• Work to complete: Apart from the images, the entire listing below must be restated word for word.

• Data block:
§ §

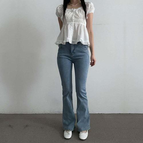 [셀럽하우스]여자 BUCB0437 세미부츠컷 연청바지 데님팬츠 나팔바지 데님진
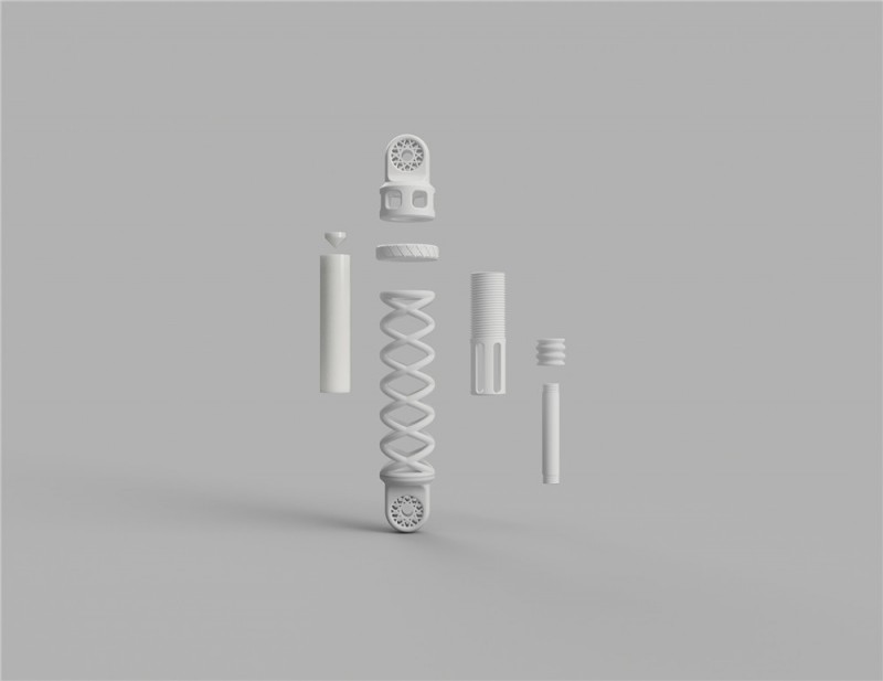 减震器内部的调节螺钉必须非常坚固。因此,它由科思创坚固的聚碳酸酯材料中的长丝材料,采用熔丝制造(FFF)工艺制成。内部的空气室由液态聚氨酯树脂制成。数字光处理方法已经被证明适用于这种具有丝状结构的元件,在这里也同样适用。
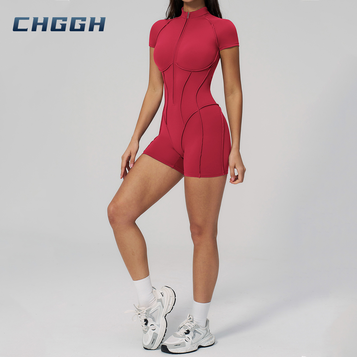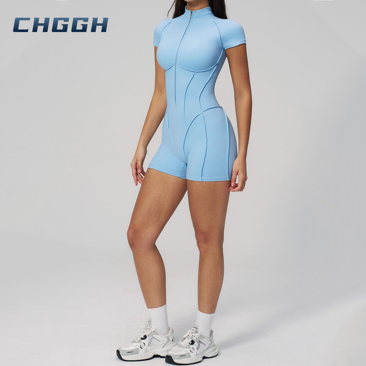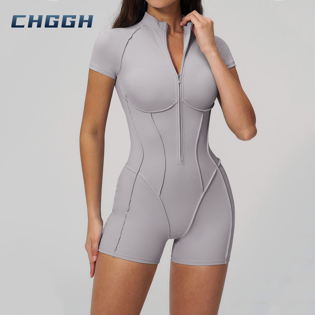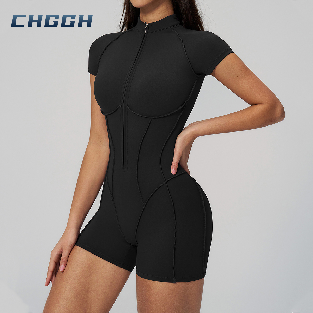 Premium Contour Zip-Front Activewear Romper | Short Sleeve Yoga & Fitness Bodysuit

§ §

• Result of the exercise:
 [셀럽하우스]여자 BUCB0437 세미부츠컷 연청바지 데님팬츠 나팔바지 데님진
 减震器内部的调节螺钉必须非常坚固。因此,它由科思创坚固的聚碳酸酯材料中的长丝材料,采用熔丝制造(FFF)工艺制成。内部的空气室由液态聚氨酯树脂制成。数字光处理方法已经被证明适用于这种具有丝状结构的元件,在这里也同样适用。
 Premium Contour Zip-Front Activewear Romper | Short Sleeve Yoga & Fitness Bodysuit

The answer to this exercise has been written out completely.